Emily Lakdawalla • Sep 15, 2011
Scale solar system presentation slide, a provisional version for you to review
I'm preparing a talk for the Pacific Astronomy and Telescope Show here in Pasadena on Sunday afternoon at 1:45. I have spent the morning putting together a slide that I have long wanted to have for presentations. It includes all the big stuff in the solar system (everything bigger than 400 km across, making Mimas the smallest thing on it) to scale, using nice images with approximately correct color and rotated so that they all appear to be lit from the same direction.

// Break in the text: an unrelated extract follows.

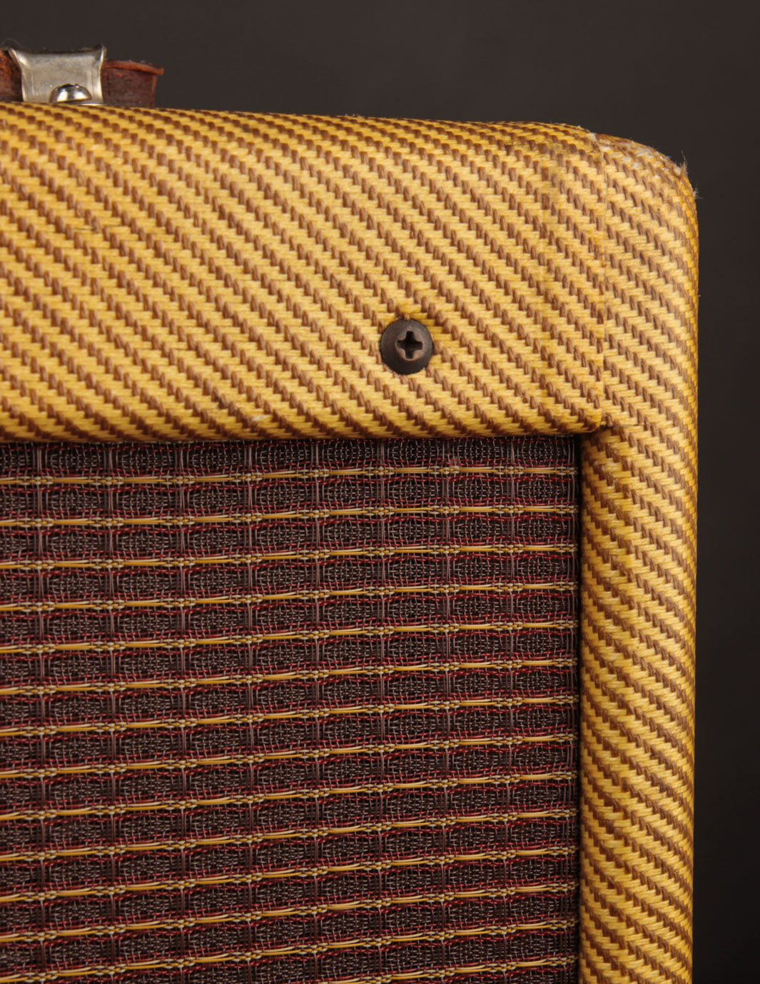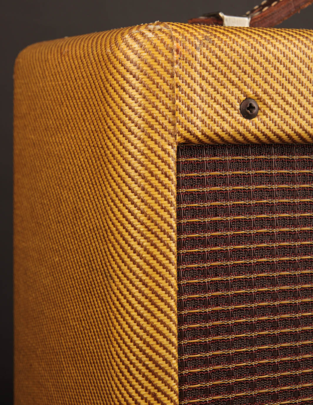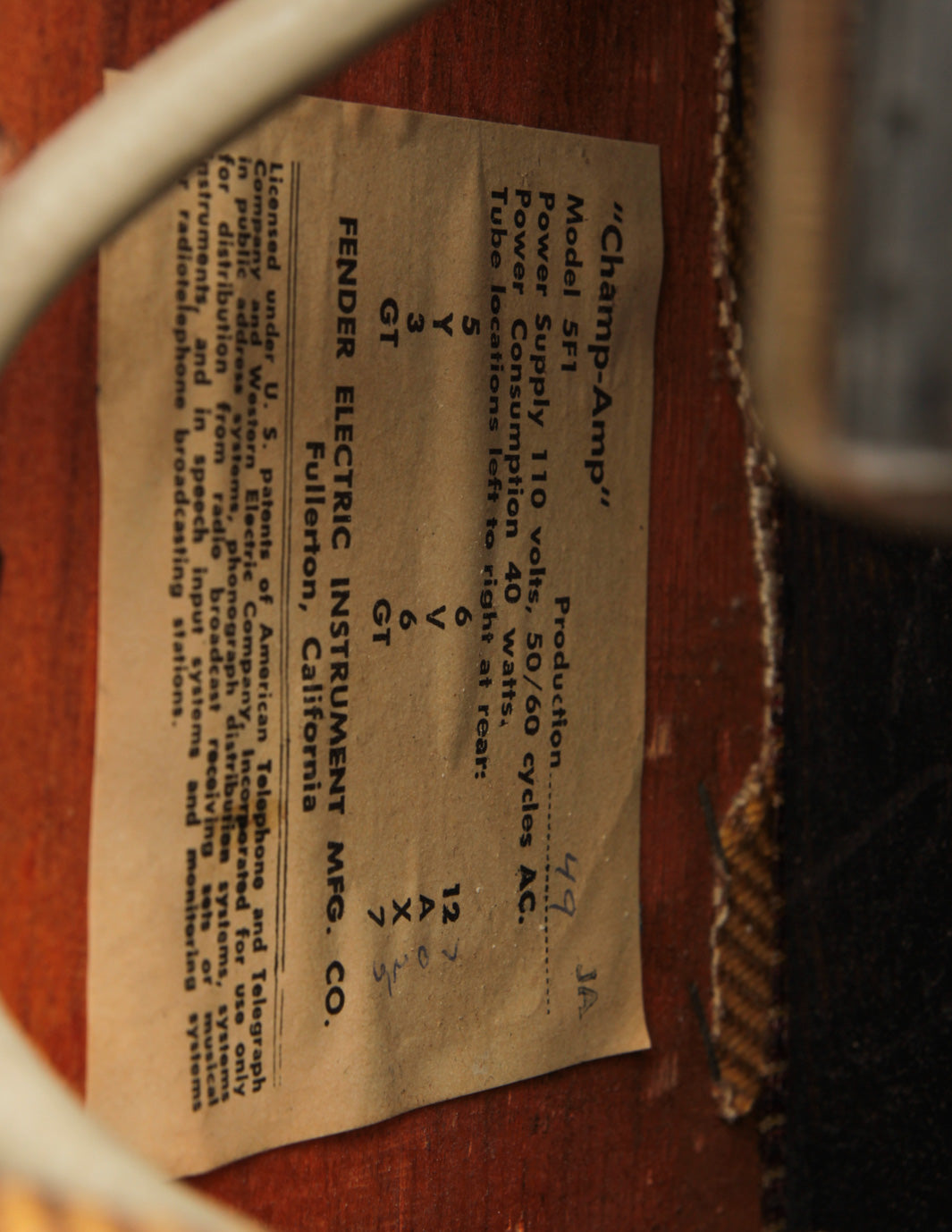 This preservationist's dream of a Tweed Champ was likely completed as 1959 drew to a close, with everything but the actual tube chart stamp showing late '59 manufacturing date codes throughout. Shirley wired up this Champ with caps dating to the 47th week of '59 and installed its power tube dated to the 48th week of '59.

This means that some of the bodies are sideways or upside down, but I don't have a problem with that because "sideways" and "upside down" are just arbitrary conventions anyway.
With this many objects included on one slide, I'm sure I have made at least one error in scaling an image or ordering some satellites or something, so I'm putting a provisional version of the slide out here for your review. Here it is:
One inaccuracy that I know about already: there are not enough trans-Neptunian objects to represent everything larger than 400 kilometers that's known to exist. Mike Brown recently posted a table listing more than 200 objects that probably or possibly are bigger than this -- there's a significant amount of uncertainty, of course, but statistically speaking it should be fairly representative. If I have time before my talk Sunday I'll have to add in more of those things!
Anyway, I'm asking eagle-eyed readers to tell me if there's anything wrong here, either by email or in the comments. Once I've got a version that I'm pretty sure is accurate, I'll post it in nice high resolution so that others can use it in their own presentations.
EDIT: Main inaccuracies pointed out so far are the order of Proteus and Triton. No, Jupiter isn't too small. Also, I initially said there were 45 objects probably bigger than 400 km in the Kuiper belt. That was out of date; it's more than 200 now.